We analyzed the interactions between coagulation factors and the miRNAs (Table 4). There were significant differences in PT, aPTT, uric acid, BUN, creatinine, and LH levels between RIF and control patients (P < 0.05 for each comparison). We looked for synergistic interactions between miRNA polymorphisms and environmental factors. The miR-222GT+TT genotypes interacted significantly with blood coagulation factors to increase the risk of RIF (P < 0.05); individuals with PT in the upper quartile (PT ≥ 12 s) and those with the miR-222GT+TT genotypes had a dramatically increased risk of RIF.

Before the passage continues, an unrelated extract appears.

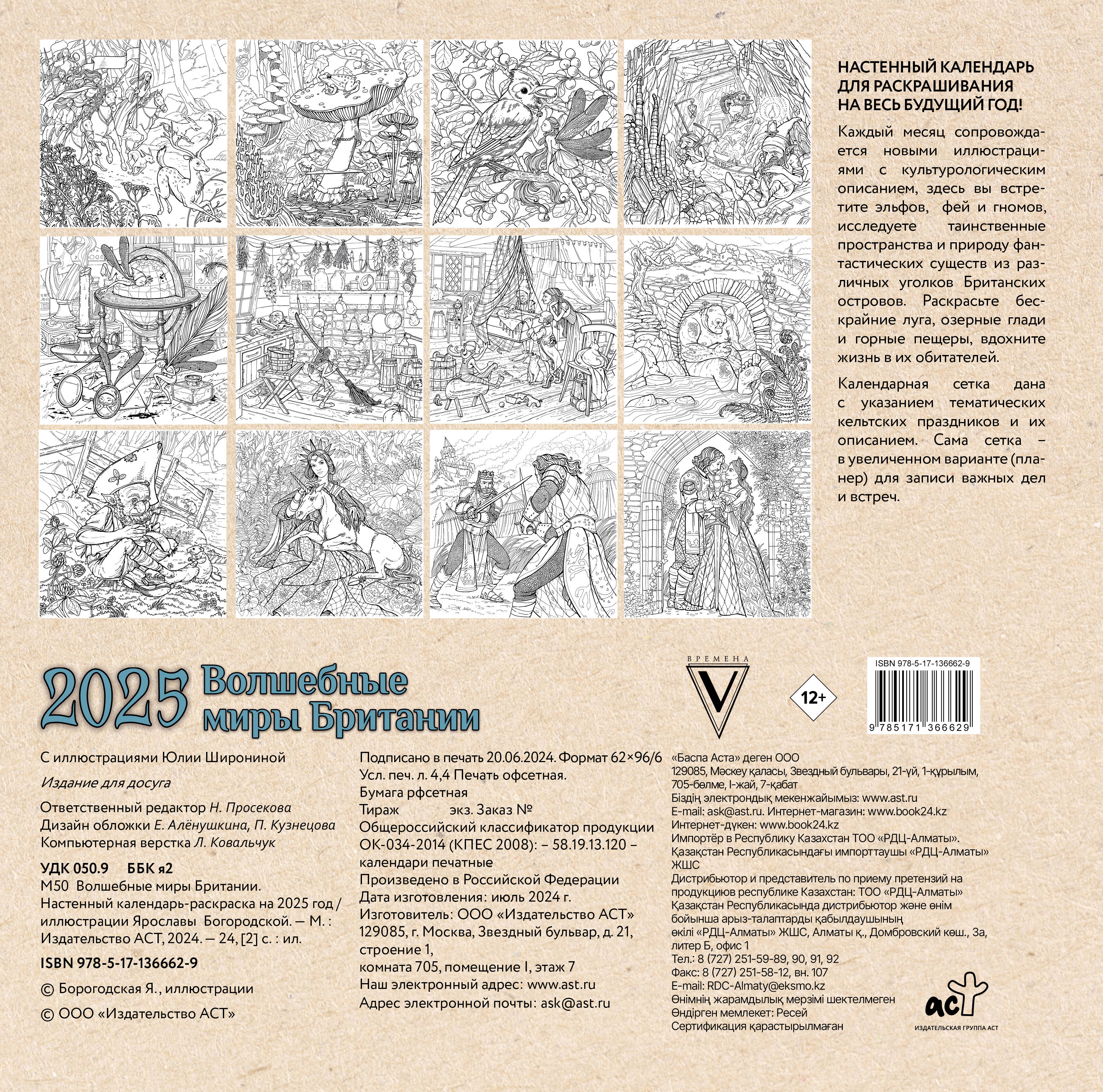 Аннотация: Волшебные миры Британии. Настенный календарь-раскраска на 2025 год

Table 4 Interaction analysis between recurrent implantation failure and coagulation factors in participants

We performed ANOVA for each group between miRNA genotypes and the clinical parameters. As shown in Table 5, creatinine levels decreased when miR-222 polymorphisms changed in control women (P < 0.05). Furthermore, FSH levels were shown to increase with specific miR-222 polymorphisms in RIF patients (Table 6). Therefore, creatinine and FSH levels may be dependent on miRNA-222 polymorphisms.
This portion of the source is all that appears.